The list in Table 3 indicates that the mean coordinate bias is 3 pixels and the results yielded by the model approximate those marked manually.

For example, Figs. 47 show the helium bubble detection results yielded by the formulated model and manual marking. In Fig. 4, the red points represent the helium bubbles detected by the described model, and the blue points represent those marked by the TEM analysis experts. The numbers of red and blue points are expressed as \(n_{{{\text{red}}}}\) and \(n_{{{\text{blue}}}}\), respectively.

Fig. 4
figure 4

(Color online) a Original TEM, and b detected results with \(n_{{{\text{red1}}}}\) = 63 and \(n_{{{\text{blue1}}}}\) = 37

Fig. 5
figure 5

(Color online) a Original TEM and b detected results with \(n_{{{\text{red2}}}}\) = 33 and \(n_{{{\text{blue2}}}}\) = 27

Fig. 6
figure 6

(Color online) a Original TEM and detected results with \(n_{{{\text{red3}}}}\) = 38 and \(n_{{{\text{blue3}}}}\) = 24

Fig. 7
figure 7

(Color online) a Original TEM and b detected results with \(n_{{{\text{red4}}}}\) = 46 and \(n_{{{\text{blue4}}}}\) = 45

As shown in Figs. 47, the number of red points exceeds that of the blue points. Virtually all helium bubbles have been recognized by the formulated model. Moreover, some objects similar to the bubbles, but with no manual markings, have also been identified by the established model. The superior recall (i.e., 94%) achieved by the proposed model means that it is capable of automatically locating and marking most of the manually marked helium bubbles.
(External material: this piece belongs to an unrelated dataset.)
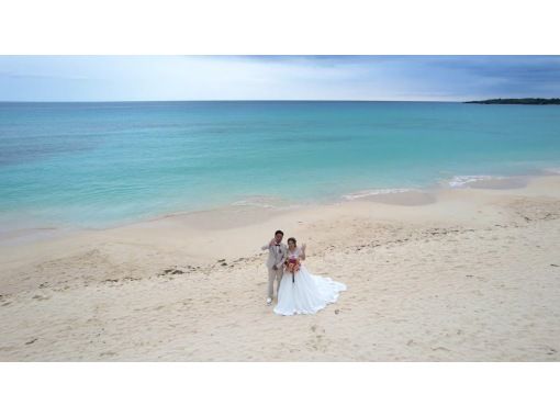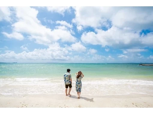 白い砂浜、青い海をバックに、一眼レフにてプロのカメラマンが付いてウェディングフォトが出来ます。沖縄旅行で気軽に楽しくウェディングフォトをしてみたい方、記念としてカップル写真を撮りたい方、ハネムーン等におすすめです♡

In contrast to the excellent recall performance, the precision level achieved by the model was relatively low. This may have been caused by two factors. First, some objects with a similar morphology as the bubbles are extremely dark or minuscule to be observed by human sight, but they can be identified by the machine learning method. Second, helium bubbles with irregular shapes may be manually marked as a single bubble; however, they are distinguished as multiple bubbles by the model. Using the proposed model, these two aspects may yield higher counting results compared with those manually marked. The foregoing may also explain the relatively low precision associated with the manual approach. Accordingly, the model established in this work is observed to be extremely sensitive. It can detect bubble-like objects and identify more candidates of helium bubble clusters than the manual marking approach. By considering Fig. 4 as an example, Fig. 8 indicates that the model developed in this work is considerably sensitive and capable of dealing with situations in which helium bubbles may have irregular shapes or small sizes.

Fig. 8
figure 8

(Color online) Comparison of results obtained by model and manual marking

4 Summary

This study is the first to employ the DBSCAN clustering method and the GMM model for efficient identification and analysis of helium bubbles in the TEM images of alloys in a high-temperature irradiation environment. In the current practice, considering that the manual counting of bubbles is time-consuming, the ability of the formulated model to identify and count these bubbles automatically considerably saves time. The new method is found to have a higher recall but low precision performance because it can identify objects with irregular shapes and those unnoticed by the naked eye. The nature of automatic identification and the substantial time saved afforded by the designed method highlights new opportunities in the use of machine learning to expedite helium bubble identification and counting.

The results obtained in this study are based exclusively on TEM datasets under the under-focused condition of bright-field TEM micrographs. Nevertheless, the model is also expected to be capable of adapting to the circumstances of the over-focused condition. A more accurate helium bubble counting performance can be derived by considering the results of these two conditions together. Furthermore, the variation in the shape and size of bubbles must also be considered because helium bubbles evolve dynamically and diversely throughout the entire service. Hence, considerable work awaits completion and verification through follow-up research.